LA QUESTIONE LEGALE – “Il decreto dirigenziale 715/2018 presenta diffuse criticità, che finiscono per creare ulteriori problematiche sotto il profilo della libera concorrenza e dell’esercizio dell’attività imprenditoriale e non scongiurare il malaffare, che anzi finisce per alimentare”, spiega l’avvocato Francesco Monetti, che rappresenta le scuole di formazione. “Da un canto – sottolinea Monetti – propone una dettagliata disciplina dell’attività che deve svolgere la scuola di formazione, ma dall’altro verso non pone un bilanciamento adeguato all’esercizio di questa attività, perché consente a tutti di proporre i corsi nel modo che ritengono e coi costi che ritengono. Nel momento in cui non si vanno a calmierare e regolamentare i minimi costi che devono essere inderogabilmente richiesti dalle scuole di formazione, si vanno ad alimentare le truffe. Si pongono sullo stesso piano le scuole che fanno davvero i corsi e che sostengono i rilevanti costi che questi comportano, con quelle pseudo-scuole che i corsi fingono di farlo, proponendoli a prezzi stracciati, perché, per lo più, non li fanno proprio! I paletti rigidi senza adeguati bilanciamenti del decreto dirigenziale finiranno per incentivare le anomalie, concetto semplice che pare la Regione non voglia capire”.

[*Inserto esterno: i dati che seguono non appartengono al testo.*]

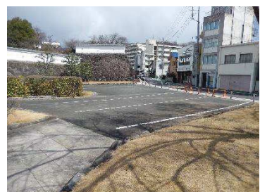
駐車場（堀地区（指定地内））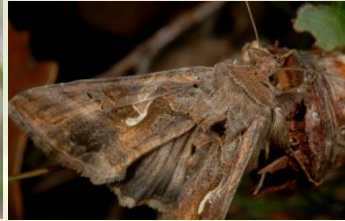
Gamma-uil Autographa gamma Jun-Okt. Ook dagactief. Laat zich ook opjagen.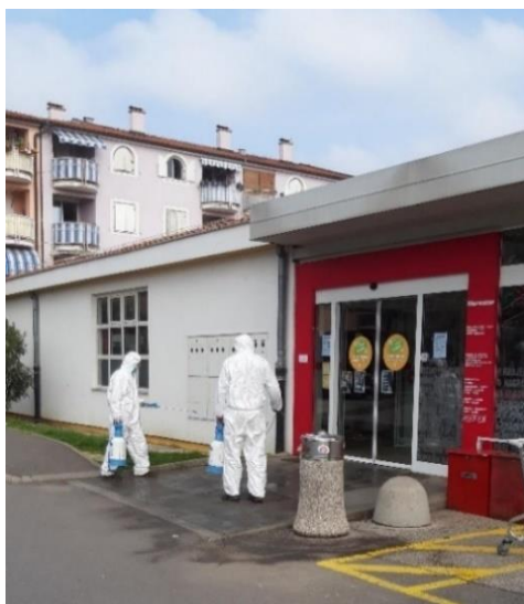
Razkuževanje v središču Ankarana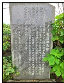
【サンダー甘藷由来碑】

学校の環境整備(校庭の草刈り・清掃等)をしていると実に多くの記念碑があることに気付きます。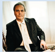
Achille Variati, sindaco di Vicenza

A Vicenza un ruolo fondamentale in questo senso lo sta assumendo l'università che raggiunge anno dopo anno sempre maggiori successi, sia in termini di iscrizioni, sia di ingressi nel mondo del lavoro al termine del percorso di studi, con una media altissima di giovani che trovano un'occupazione a pochi mesi dal diploma.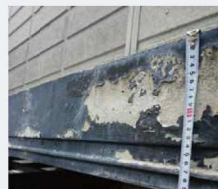
1 既存幕板及び下地確認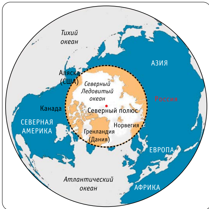
Рис. 1. Территория Арктического региона.

Арктика всё ещё остается мало известной территорией. Хотя познать этот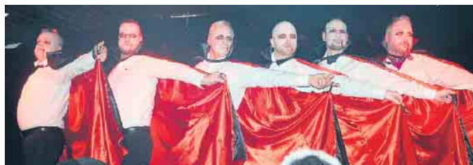
Das Männerballett war mit seinen Tanzdarbietungen als Vampire oder in ihrem Skelettkostüm ein Hingucker.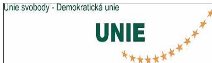
Obr 6. Logo Unie svobody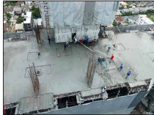
เดือนสิงหาคม 2566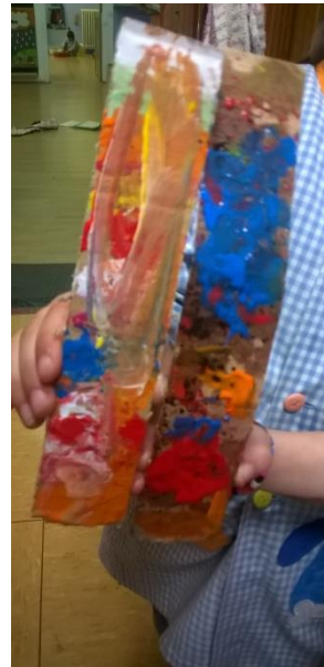
7. irudia: Kaskainetak sortzen.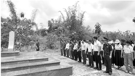
Cán bộ Đồn Biên phòng Cửa khẩu Lộc Thịnh giới thiệu ý nghĩa mốc quốc giới cho cán bộ, công chức đoàn công tác Ủy ban Mặt trận Tổ quốc Việt Nam các xã, phường.

đồng thời tạo điều kiện để Bộ đội Biên phòng nâng cao hiệu quả công tác vận động quần chúng.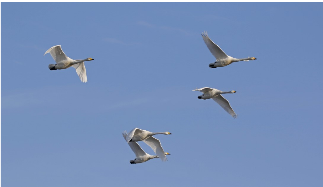
Sangsvaner bruger området til rast og fouragering.

Vurdering af betydningen af forstyrrelser af arter bygger i udgangspunktet på de vurderinger, som DCE Aarhus Universitet udarbejdede, da forstyrrelser og behov for justeringer af vildtreservaternes geografiske afgrænsning og adgangsforhold blev vurderet i 2013.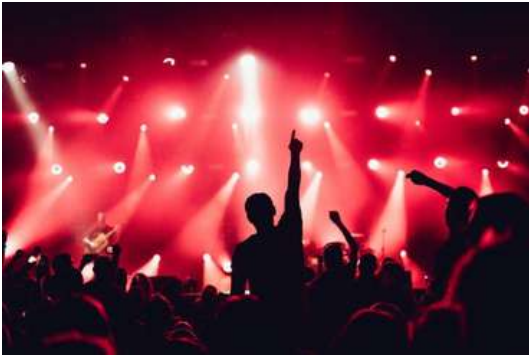
"Allumez le feu" de Johnny Halliday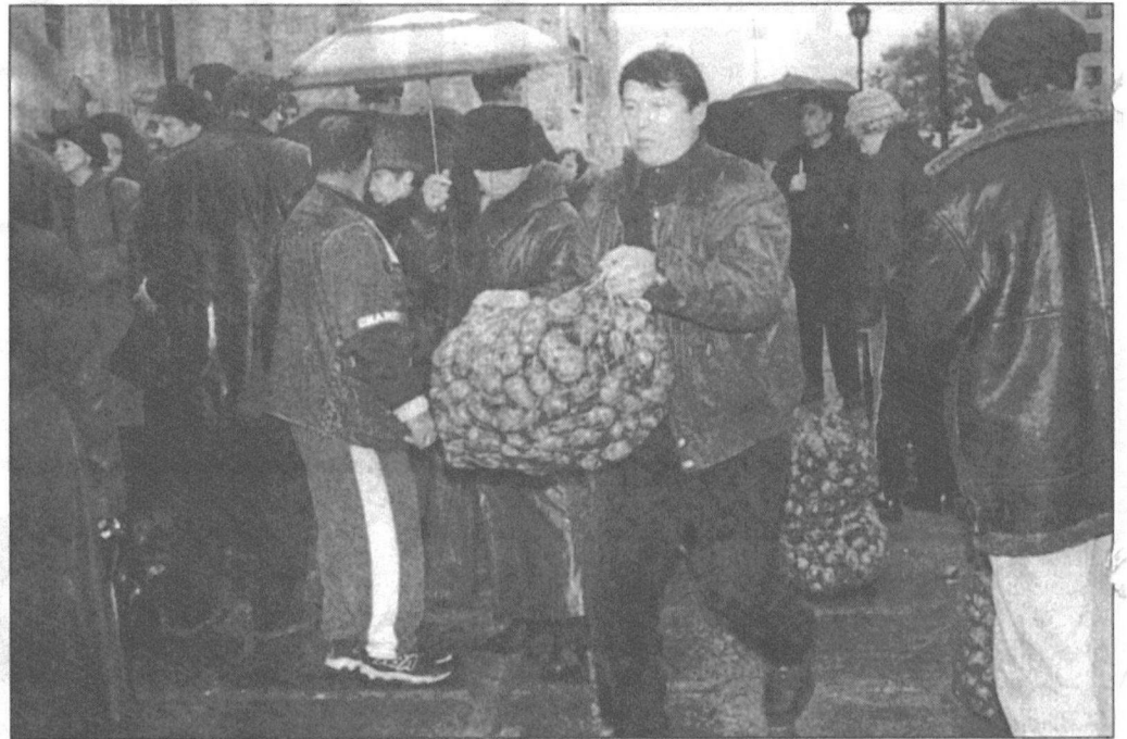
Картошку продавали по 3.50 за килограмм.

Остальные же, по большому счету, приехали торговать, помня о том, какой успех сопутствовал им на аналогичной ярмарке в Ханты-Мансийске. Там общий оборот составил более пяти миллионов. И здесь хотелось тоже поработать нормально, причем желания гостей соответствовали потребностям сургутян в качественных и дешевых продуктах. Но к вечеру многие стали говорить, что, несмотря на то, что их приглашал сам мэр, они почувствовали, что никому здесь не нужны и никто их в Сургуте не ждал. В отличие от

Ma ci sono parecchie anomalie. Ogni anomalia meriterebbe un’analisi a parte. Ad esempio, per i costi di istruttoria, Monetti ribadisce: “Un controsenso fattuale e anche giuridico, perché non è previsto, di fronte a un aumento dei costi, un cambiamento o miglioramento delle condizioni pregresse. Visto che i dati sono già in possesso dell’ente, non si capisce perché le spese d’istruttoria vengano decuplicati, evidentemente ostacolando l’iniziativa imprenditoriale delle scuole serie, con inevitabili riflessi sul coretto mercato del lavoro campano. Andremo a formulare un’articolata proposta di modifica del decreto dirigenziale – a rigore logico soprattutto – che dovrebbe indurre l’organo regionale a prevedere non dei costi di istruttoria ma dei costi a consuntivo delle attività realmente espletate”. “Il sistema campano – chiude il legale – è un’anomalia rispetto alle altre regioni. In Lombardia sono le stesse scuole nel momento che vengono accreditate diventano strumenti dell’organismo pubblico, e sono loro a certificare le attività. In Campania no, abbiamo delle forti ingerenze, non spiegabili se non alla luce di interessi particolari, nelle attività”.